Word for word, transcribe the data below from the line with "Maria Cristina Chiaradia" to the line with "Cesta de almacenamiento portátil", keeping both of those lines.

- _Material shown_:

%%

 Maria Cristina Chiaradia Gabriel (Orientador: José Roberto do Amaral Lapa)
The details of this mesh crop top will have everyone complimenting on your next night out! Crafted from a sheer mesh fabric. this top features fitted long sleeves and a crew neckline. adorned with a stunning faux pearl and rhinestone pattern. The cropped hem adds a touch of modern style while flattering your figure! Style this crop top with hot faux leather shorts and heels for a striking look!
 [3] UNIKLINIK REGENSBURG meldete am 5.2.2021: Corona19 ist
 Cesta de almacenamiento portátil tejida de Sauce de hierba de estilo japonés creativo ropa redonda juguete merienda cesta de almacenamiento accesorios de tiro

%%
%%

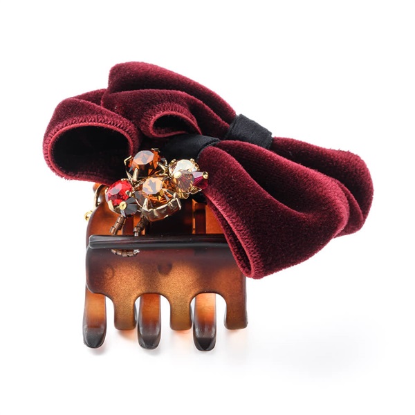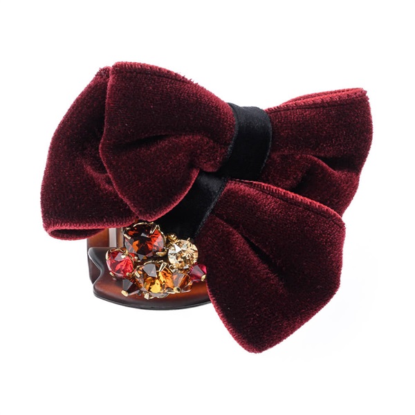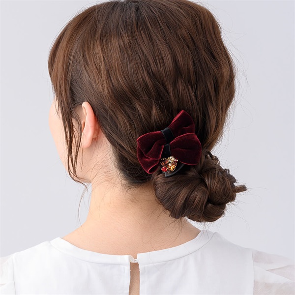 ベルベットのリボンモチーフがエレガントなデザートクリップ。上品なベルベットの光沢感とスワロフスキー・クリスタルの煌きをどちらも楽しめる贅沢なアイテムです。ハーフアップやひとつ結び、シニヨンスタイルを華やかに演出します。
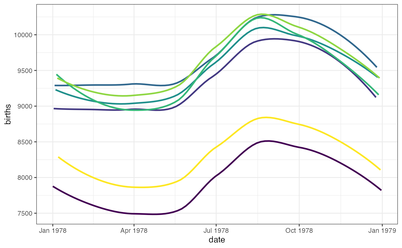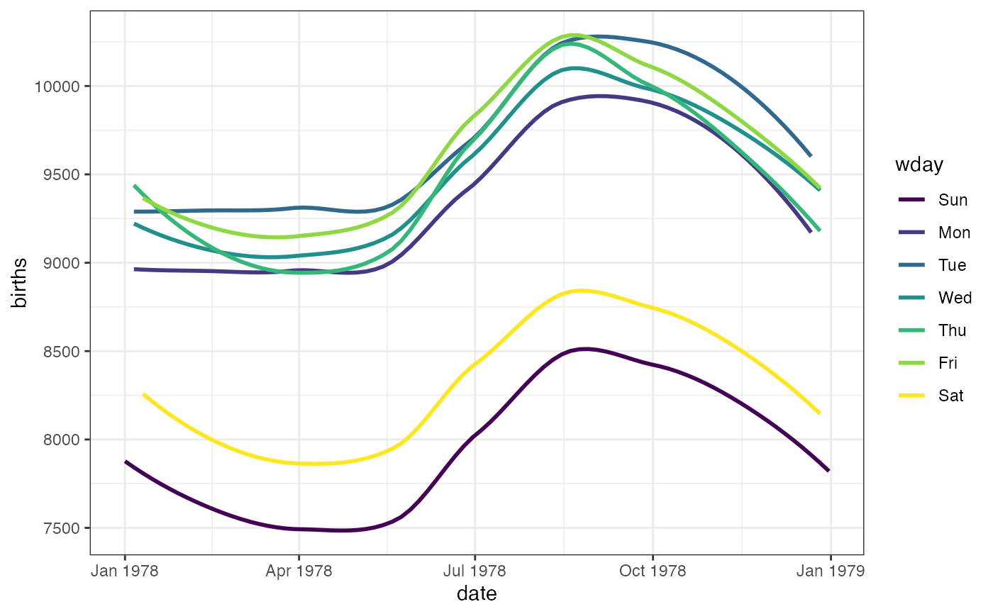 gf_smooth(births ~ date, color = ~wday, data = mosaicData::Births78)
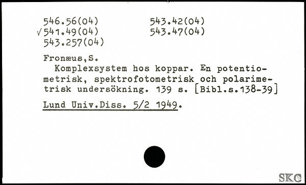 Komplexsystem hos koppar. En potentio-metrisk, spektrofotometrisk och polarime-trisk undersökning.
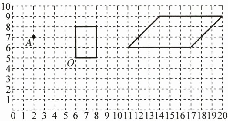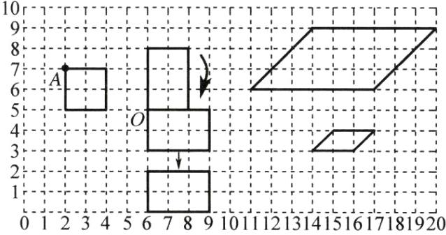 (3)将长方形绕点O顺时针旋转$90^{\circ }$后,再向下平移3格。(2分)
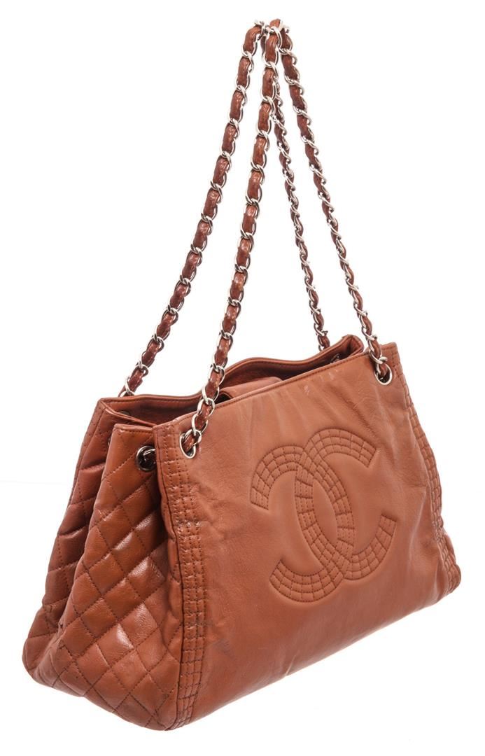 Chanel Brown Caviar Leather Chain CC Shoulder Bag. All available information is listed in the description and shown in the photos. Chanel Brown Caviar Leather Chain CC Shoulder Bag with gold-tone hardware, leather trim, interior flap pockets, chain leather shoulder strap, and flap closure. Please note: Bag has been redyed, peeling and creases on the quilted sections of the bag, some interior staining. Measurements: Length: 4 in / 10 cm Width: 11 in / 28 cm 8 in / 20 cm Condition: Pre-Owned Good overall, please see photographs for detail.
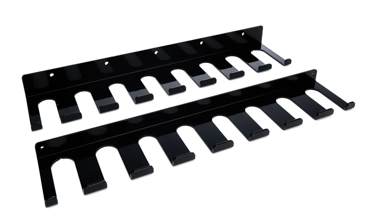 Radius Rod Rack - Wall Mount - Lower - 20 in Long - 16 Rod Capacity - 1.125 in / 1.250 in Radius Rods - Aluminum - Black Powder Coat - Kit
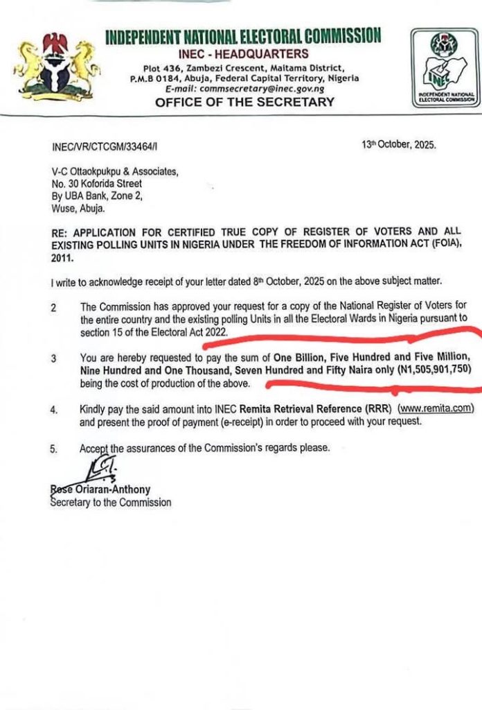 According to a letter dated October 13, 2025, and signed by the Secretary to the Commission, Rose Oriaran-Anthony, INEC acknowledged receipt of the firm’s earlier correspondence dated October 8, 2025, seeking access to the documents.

%%
%%

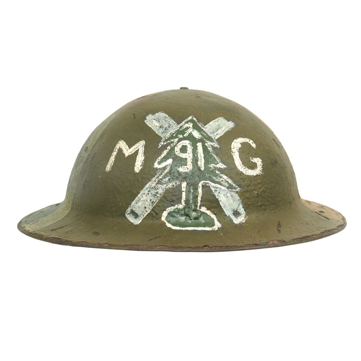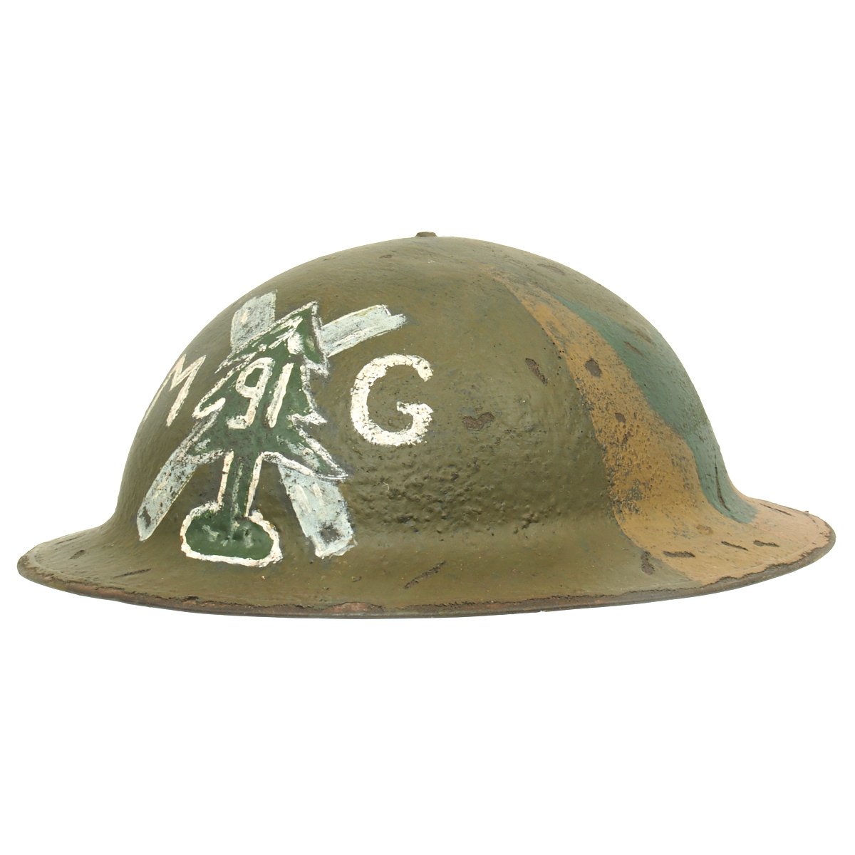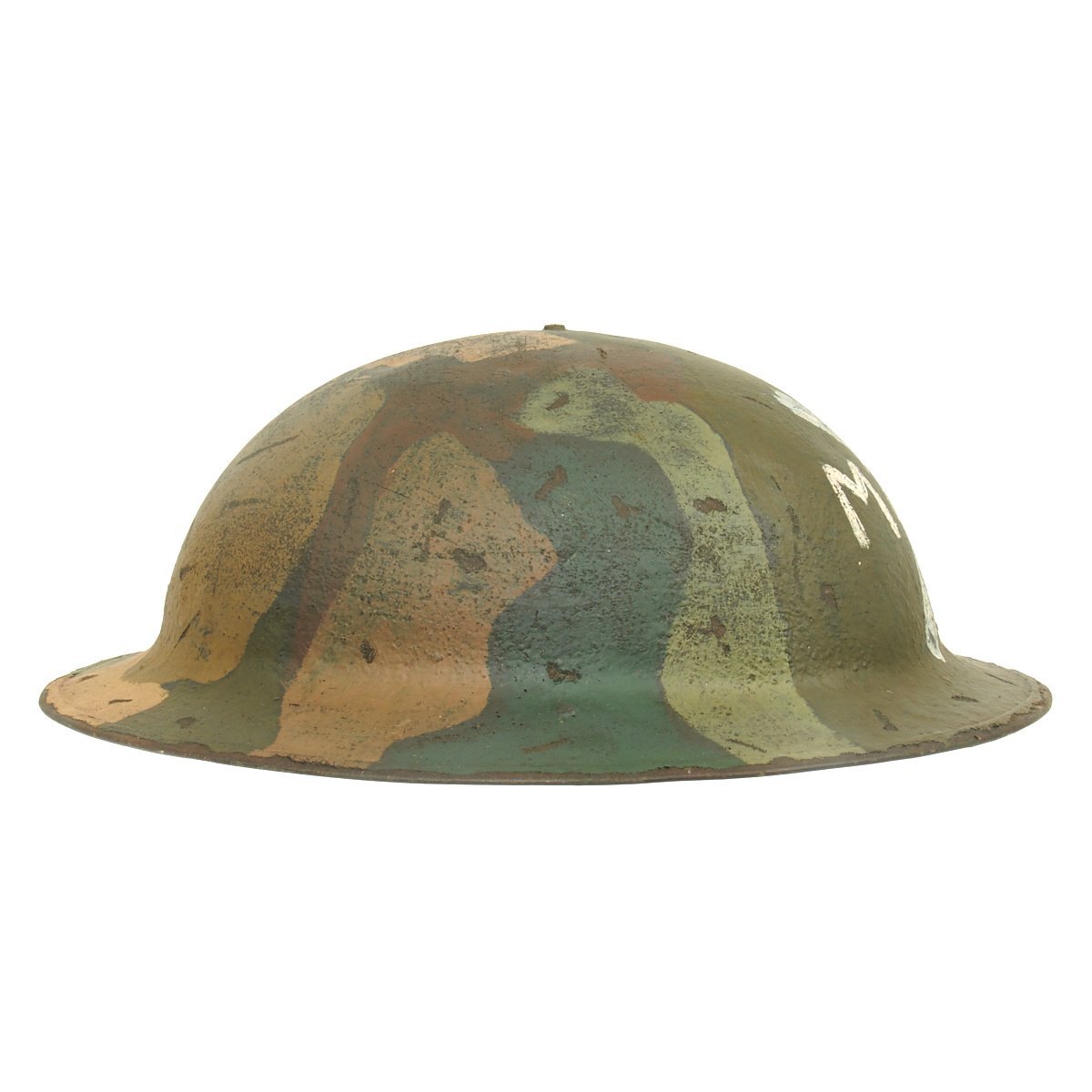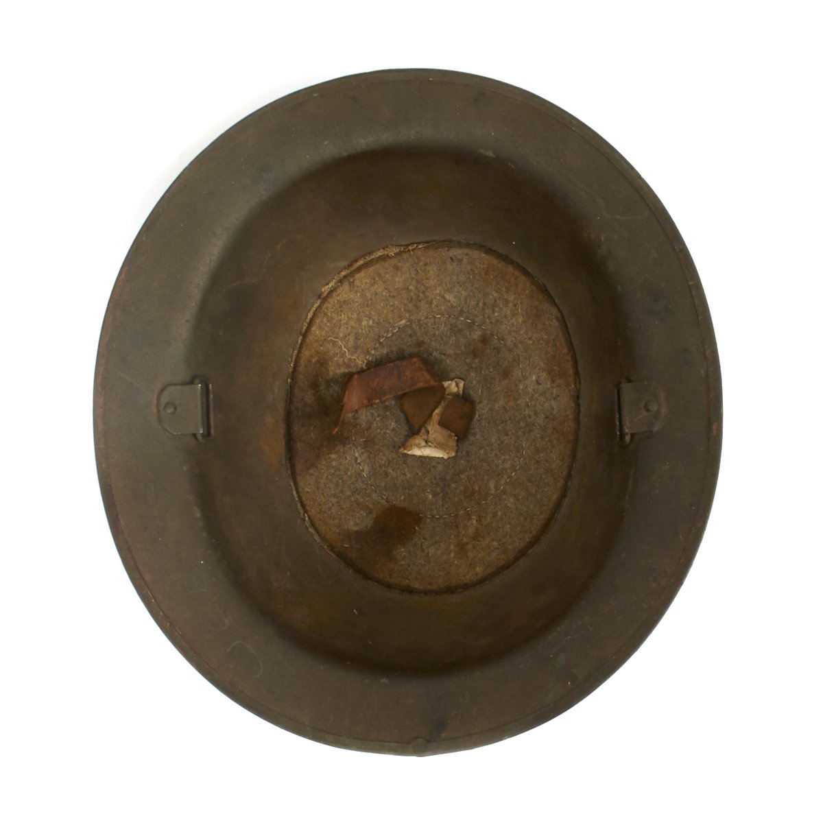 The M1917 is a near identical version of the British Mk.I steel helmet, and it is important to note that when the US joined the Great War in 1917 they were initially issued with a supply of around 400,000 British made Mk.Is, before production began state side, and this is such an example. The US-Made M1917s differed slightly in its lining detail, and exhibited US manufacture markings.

%%

- _Worked solution_:
 Maria Cristina Chiaradia Gabriel (Orientador: José Roberto do Amaral Lapa)
The details of this mesh crop top will have everyone complimenting on your next night out! Crafted from a sheer mesh fabric. this top features fitted long sleeves and a crew neckline. adorned with a stunning faux pearl and rhinestone pattern. The cropped hem adds a touch of modern style while flattering your figure! Style this crop top with hot faux leather shorts and heels for a striking look!
 [3] UNIKLINIK REGENSBURG meldete am 5.2.2021: Corona19 ist
 Cesta de almacenamiento portátil tejida de Sauce de hierba de estilo japonés creativo ropa redonda juguete merienda cesta de almacenamiento accesorios de tiro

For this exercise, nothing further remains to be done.